EXERCISE DIRECTIONS
The entries that follow must be written out exactly, without any of the pictures they contain.
+--
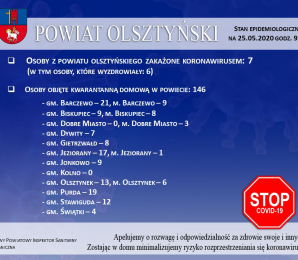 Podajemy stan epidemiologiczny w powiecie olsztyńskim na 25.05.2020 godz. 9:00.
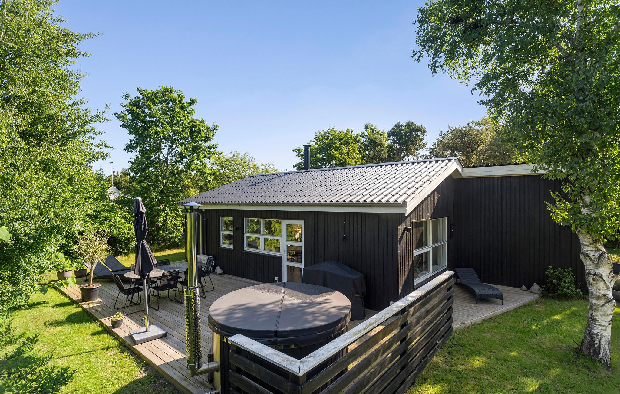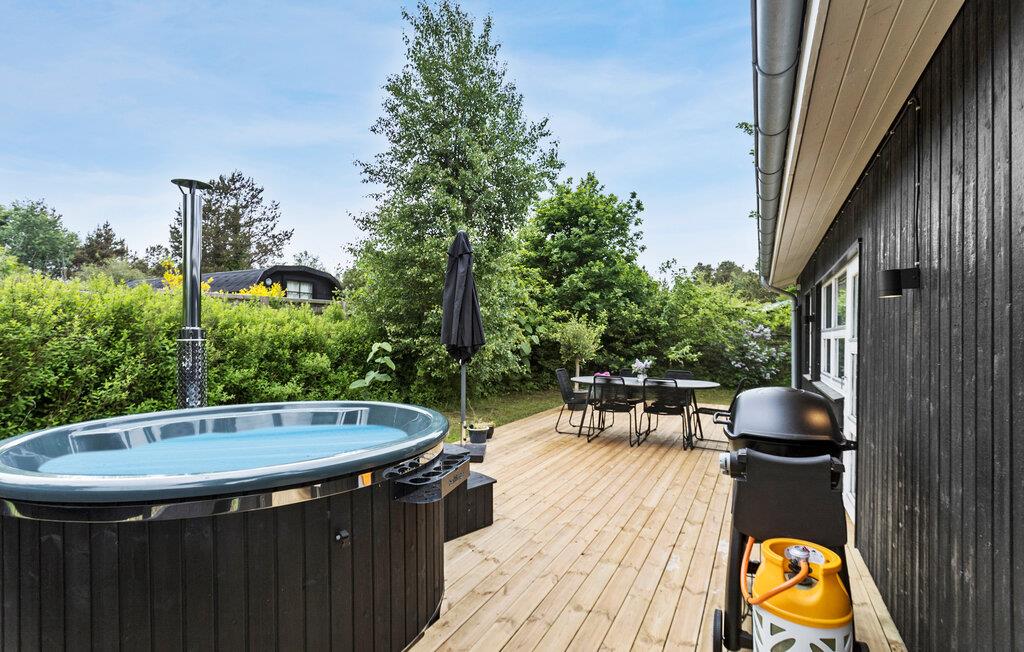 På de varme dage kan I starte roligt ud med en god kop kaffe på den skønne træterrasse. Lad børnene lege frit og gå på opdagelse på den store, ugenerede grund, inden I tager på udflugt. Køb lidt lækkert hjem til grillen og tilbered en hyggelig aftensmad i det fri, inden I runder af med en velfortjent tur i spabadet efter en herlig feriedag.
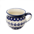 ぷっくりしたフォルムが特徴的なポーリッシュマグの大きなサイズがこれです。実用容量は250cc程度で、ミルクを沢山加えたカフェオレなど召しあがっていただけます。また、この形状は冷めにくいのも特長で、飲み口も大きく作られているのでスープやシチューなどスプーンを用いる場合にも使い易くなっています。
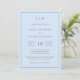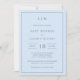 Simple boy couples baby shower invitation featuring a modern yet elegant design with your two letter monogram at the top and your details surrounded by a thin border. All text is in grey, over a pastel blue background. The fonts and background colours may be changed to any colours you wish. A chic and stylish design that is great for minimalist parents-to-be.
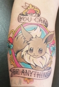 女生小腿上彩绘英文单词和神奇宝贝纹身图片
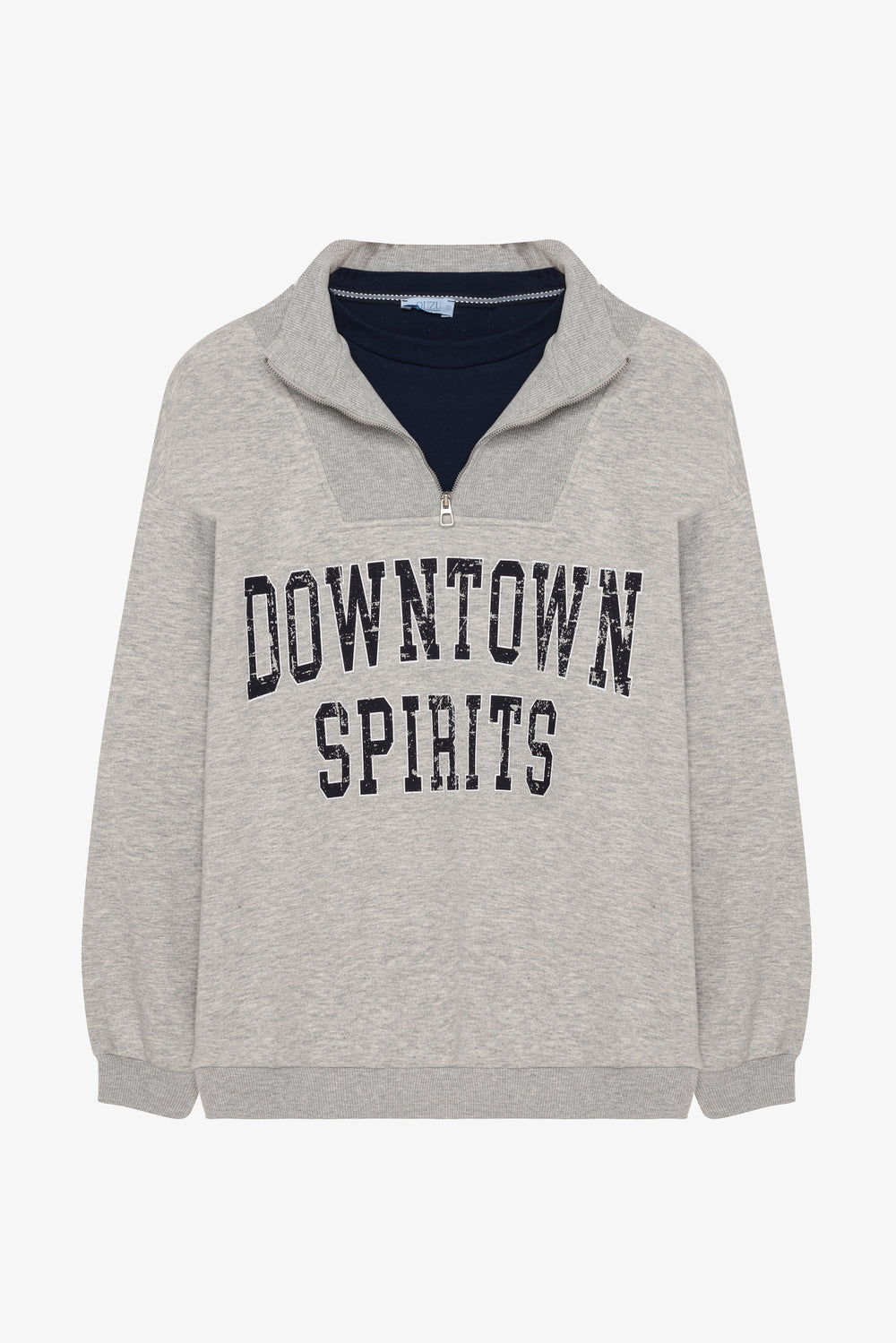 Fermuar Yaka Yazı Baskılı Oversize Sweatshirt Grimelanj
+--
EXERCISE ANSWER
 Podajemy stan epidemiologiczny w powiecie olsztyńskim na 25.05.2020 godz. 9:00.
 På de varme dage kan I starte roligt ud med en god kop kaffe på den skønne træterrasse. Lad børnene lege frit og gå på opdagelse på den store, ugenerede grund, inden I tager på udflugt. Køb lidt lækkert hjem til grillen og tilbered en hyggelig aftensmad i det fri, inden I runder af med en velfortjent tur i spabadet efter en herlig feriedag.
 ぷっくりしたフォルムが特徴的なポーリッシュマグの大きなサイズがこれです。実用容量は250cc程度で、ミルクを沢山加えたカフェオレなど召しあがっていただけます。また、この形状は冷めにくいのも特長で、飲み口も大きく作られているのでスープやシチューなどスプーンを用いる場合にも使い易くなっています。
 Simple boy couples baby shower invitation featuring a modern yet elegant design with your two letter monogram at the top and your details surrounded by a thin border. All text is in grey, over a pastel blue background. The fonts and background colours may be changed to any colours you wish. A chic and stylish design that is great for minimalist parents-to-be.
 女生小腿上彩绘英文单词和神奇宝贝纹身图片
 Fermuar Yaka Yazı Baskılı Oversize Sweatshirt Grimelanj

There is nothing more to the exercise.